Beton odada masa ve bilgisayar haricinde bilgisayarın başında klavyeye bir şeyler yazan Domanic'i gördü. Hemen yanına koşup bir sandalye kaptı ve kendi bilgisayarını açtı. Hiç konuşmadan ikisi de bir şeyler yazıyordu. Sonunda Domanic Ariel'e dönüp:
"Bu meteor sonumuz olabilir. O roketi onu yok etmek için kullanmak zorundayız." dedi. Ariel gözünü hologram ekrandan ayırmadan onu dinliyordu. Bir kaç saniye düşünüp:
"Veya başka bir yere gitmek için kullanabiliriz." dedi. Domanic elini cebine atıp Ariel'in satranç oynarken sahip olduğu şahı çıkarıp önüne koydu.
"Bunu yapamayacağımızı ikimiz de biliyoruz. Yeterli zaman olsa bile Dünya'dan umudumuzu kesmek zorundayız." dedi. Ariel şaha bakıyordu. Elini kaldırıp şahı yavaşça Domanic'e itti.
"Gittiğimde roketin konsolunu uzaktan kontrole açtım. Buradan kontrol edebiliriz." dedi. Domanic gülümseyerek kendi bilgisayarına döndü. Ardından ikisi de konuşmadan dakikalar geçti.
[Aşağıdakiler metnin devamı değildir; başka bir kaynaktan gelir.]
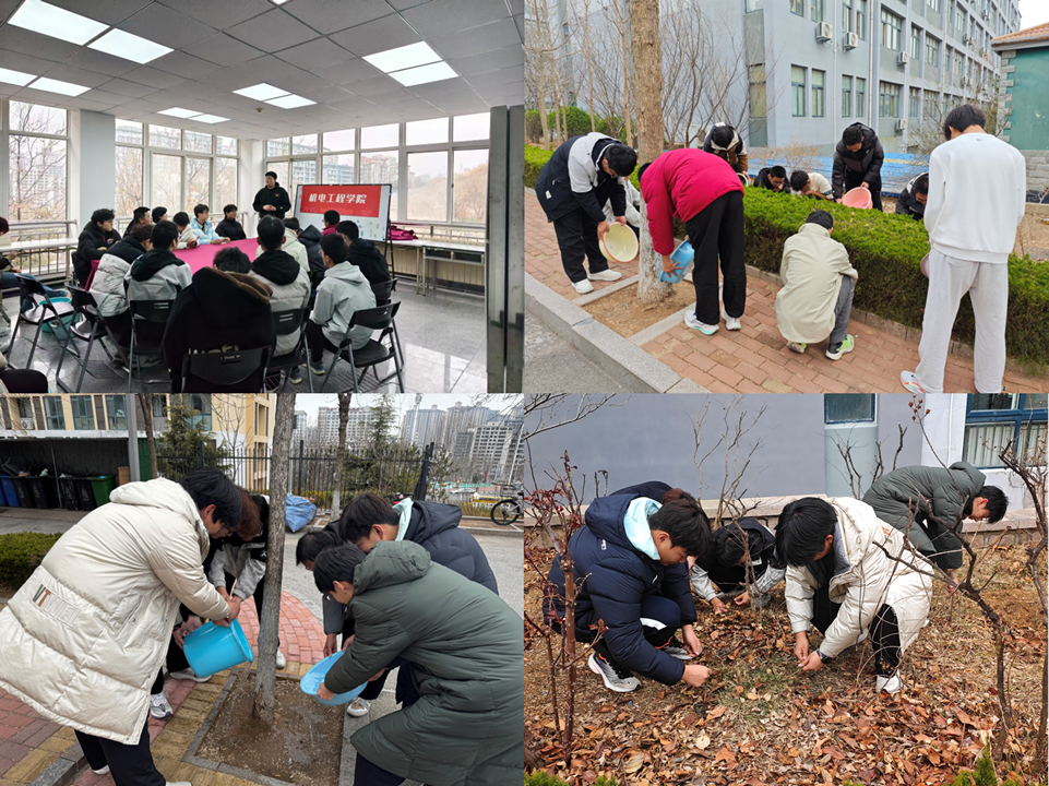 除此之外,学院还组织开展植树节主题团日活动日。活动伊始,通过知识讲解,让同学们深入了解植树节的由来及其对生态环境的深远影响,进一步增强环保意识。随后,学院组织青年学子投身校园绿植养护工作,以实际行动践行绿色发展理念,共同守护美丽校园。
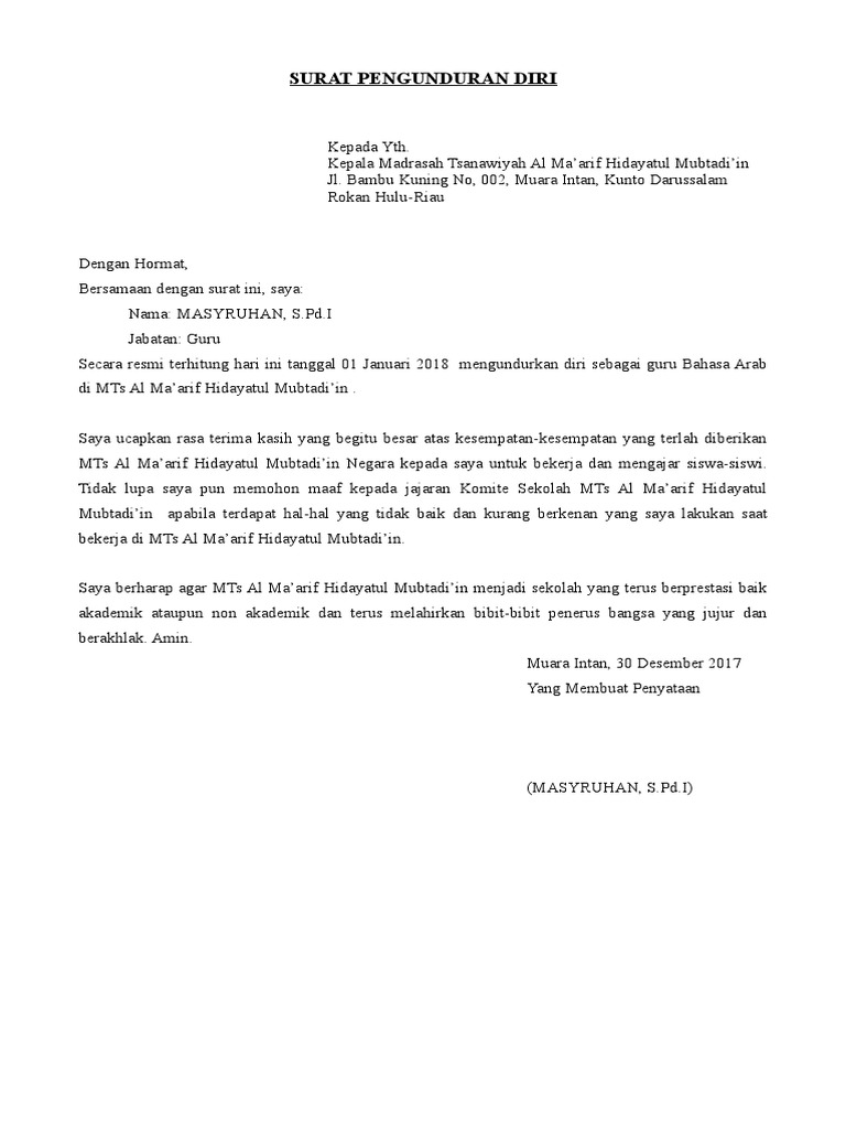 Contoh Format Surat Pengunduran Diri Sebagai Guru Kumpulan Contoh Surat Dan Soal Terlengkap
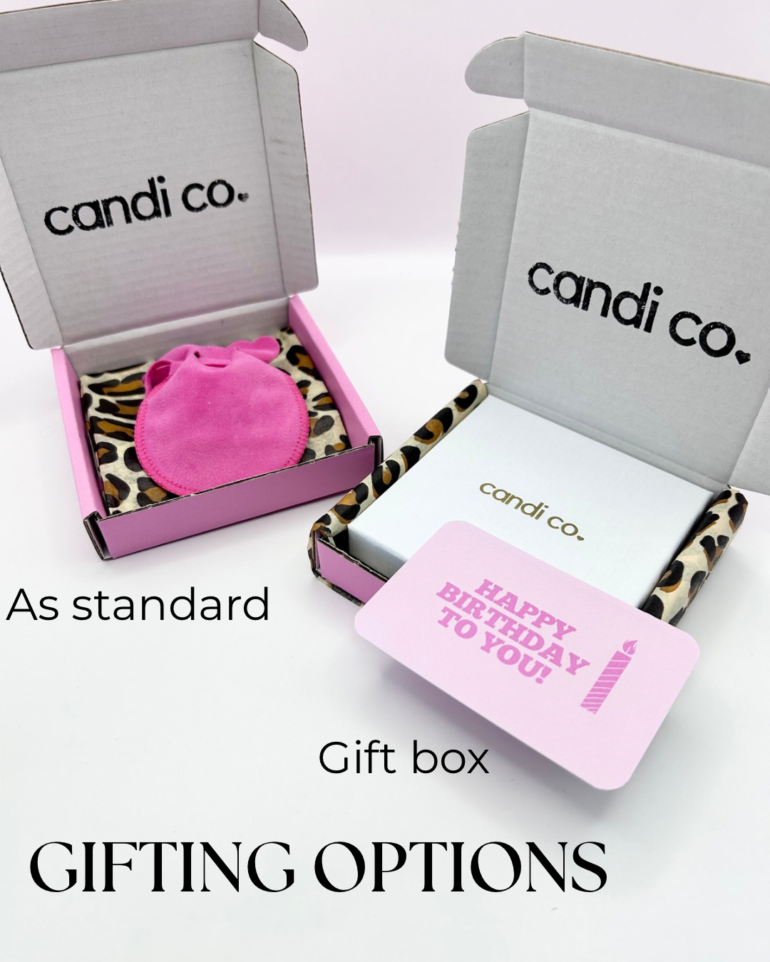 Suitable for most items from our shop, the foam may be removed for some larger items, e.g. pearls, and replaced with our standard pink pouch.
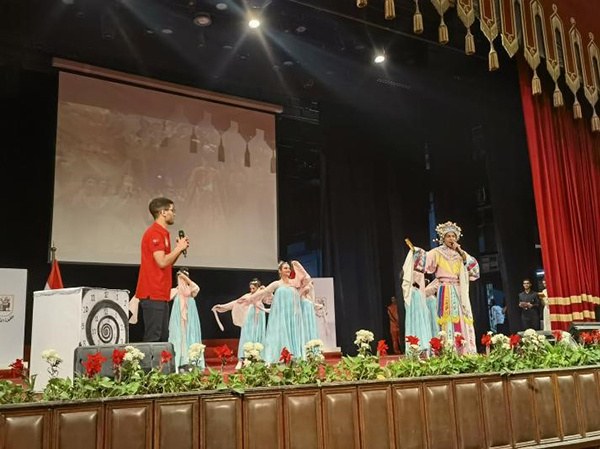 此次比賽分成中學(xué)本土教師、高校本土教師與高校中國(guó)教師三個(gè)賽道,來(lái)自二十三所高校三十余名教師參賽。典禮上,來(lái)自開(kāi)羅大學(xué)、蘇伊士運(yùn)河大學(xué)等學(xué)校的學(xué)生們表演了小品、詩(shī)朗誦和武術(shù)等。同學(xué)們的精神面貌贏得全場(chǎng)觀眾熱烈的掌聲。
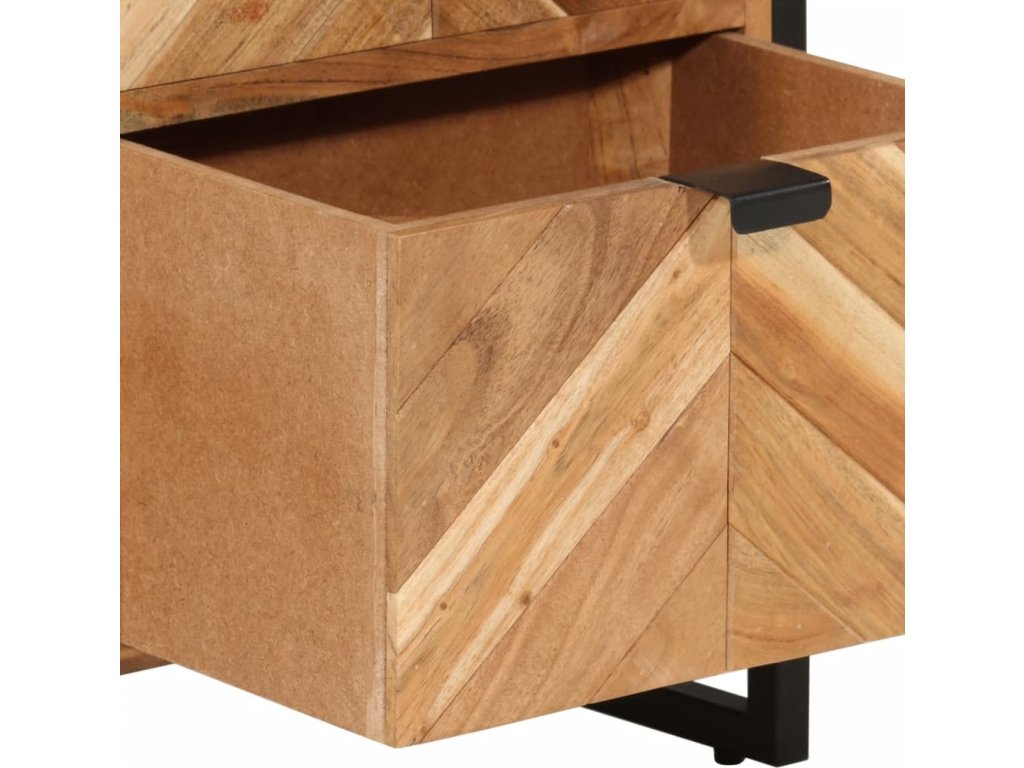 - Materiál: masivní akáciové dřevo s přírodní povrchovou úpravou, železo s práškovým nástřikem
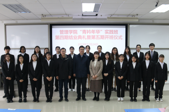 首先,杨文君老师对第四期“青衿年华”实践班一年来的工作、学习和实践情况进行了总结发言。刘逸青老师宣读了第四期实践班结业成员名单和第五期实践班新成员名单。之后,第四期学员代表康婧上台发言,她对关怀、支持实践班的领导老师表达了感谢,对新一批的学员送上美好的祝福,她还结合一年来的经历分享了自己的收获和感想。第五期“青衿年华”实践班新学员代表李阳发言,她阐述了自己对“青衿”二字的理解,并希望能借此平台提高综合素质,锤炼品德修为,不辜负大学时光。随后,“青衿年华”实践班班主任庞亚宾副书记进行了讲话,他指出,品格形成于养成,能力形成于实践,实践班的同学要学思践悟,努力成长为思想素质高、身心素质好、学习能力强、思维能力突出的实践型、创新型人才,切实解决大学生思想政治教育中知易行难的问题。最后,领导老师为第四期“青衿年华”实践班成员颁发结业证书,并与实践班全体成员合影留念。

Her geçen dakika parmakları daha sert ve daha hızlı basıyordu. Duyulan tek ses gittikçe artan klavye sesiydi. Bir süre daha ter dökmenin sonunda Ariel:
"Roket hazır. Kalkış plakasını aç." dedi. Bu sırada yan ekranda roketi dıştan gösteren bir kamera vardı. Kamerada roketin üstündeki tavanın yavaşça iki yana doğru açıldığı gözüküyordu. Ama açılırken içeri taş ve gri kum düşmekteydi. Kapak açılınca Ariel:
"Kalkış ünitesini hazırla." dedi ve roketin altındaki sabitleyiciler iki yana açıldı. Ardından roketin kapısına bağlı yol katlanarak kapandı. Ariel Domanic'e bir bakış atıp:
"10" dedi. Ve roketin altından hava çıkmaya başladı.
"9"
"8"
"7"
"6"
"5"
"4"
"3"
"2"
"1" dediğinde roket ateş yerine hava püskürterek havalanmaya başladı. Roket yükseldikçe Ariel ile Domanic'in de nabzı yükseliyordu. Roket hava püskürtmesine rağmen oldukça hızlıydı. Şimdi akıllarındaki tek soru roket doğru yere gidebilecek miydi?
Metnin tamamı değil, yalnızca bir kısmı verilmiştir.